Populations from Pakistan and north India share a sizable proportion of variation with European populations and Central and West Asians have been major contributors to the gene pool of this region, consistent with arrival of migrants from Northwest Asia [13, 14, 17]. In Pakistan the Karakoram Mountain ranges that are part of the Himalayan Mountains in the north have been a major barrier to gene flow from China, although this does not appear to be the case in India where Sino-Tibetan populations entered through the north-east corridor and Nepal .
Most Y-chromosomal lineages found in both tribal and non-tribal populations from South Asia date back to the Paleolithic period. Common haplogroups (markers) include C5 (M356), F* (M89), H1 (M52), H2 (Apt), L1 (M27; M76), R1a1 (M17) and R2 (M124) [19, 20]. All except for R1a1, which constitutes 55% of Y chromosomes in Pakistan, have long coalescent times and appear to be indigenous. Y haplogroup J2* (M172) which is prevalent in Pakistan and north and west India represents a West Asian contribution to the genetic diversity of the sub-continent (although the migrants would of course have carried other lineages as well) . O2* (P31), O3* (M122) and Q* (M242) lineages in India and Pakistan are probably representative of migrants from East and Southeast Asia [21, 22]. Generally haplotype variation between populations is higher, especially between tribes [23, 24].
More than 60% of mitochondrial lineages in this region are represented by haplogroup M and mitochondrial variation, especially in haplogroup M, is largely local in origin with estimated coalescence times in the Paleolithic . Approximately 30% of Indian mtDNA haplotypes belong to West Eurasian haplogroups.

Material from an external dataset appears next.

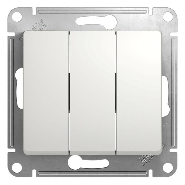 Механизм Systeme Electric (ранее Schneider Electric) серии Glossa (цвет белый) выключателя 3-клавишного подходит для сетей 250 В, на ток 10 А. Трёхклавишный выключатель позволяет управлять тремя источниками света из одной точки. Выполнен из материала PС+ASA, стойкого к УФ-излучению и появлению царапин. Эргономичные клеммы расположены в два ряда: сверху и снизу.

Haplogroups R7 and U2 lineages are specific to India and the variation in its distribution also suggests an ancient origin [25, 26]. It has been argued that the presence of Eurasian and Australasian mitochondrial haplogroups M, N and R and Y haplogroups C* (M130), D* (M174) and F* in South Asia supports the migration of humans out of East Africa via a southern coastal route through the sub-continent . The Andaman and Nicobar Islanders that comprise six tribal populations and lie on the southern coastal route to Oceania show a high level of population differentiation with unique mitochondrial sequences in the Andamanese probably arising by genetic drift in an isolated population. However, the Nicobarese share genetic relatedness with Southeast Asians and are probably more recent migrants in comparison with their neighbors . The presence of haplogroups B5a and F1 near the border between India and Nepal suggests movement across the Himalaya Mountains and this possibility is also supported by the detection of Indian haplogroups R6 in the Nepalese .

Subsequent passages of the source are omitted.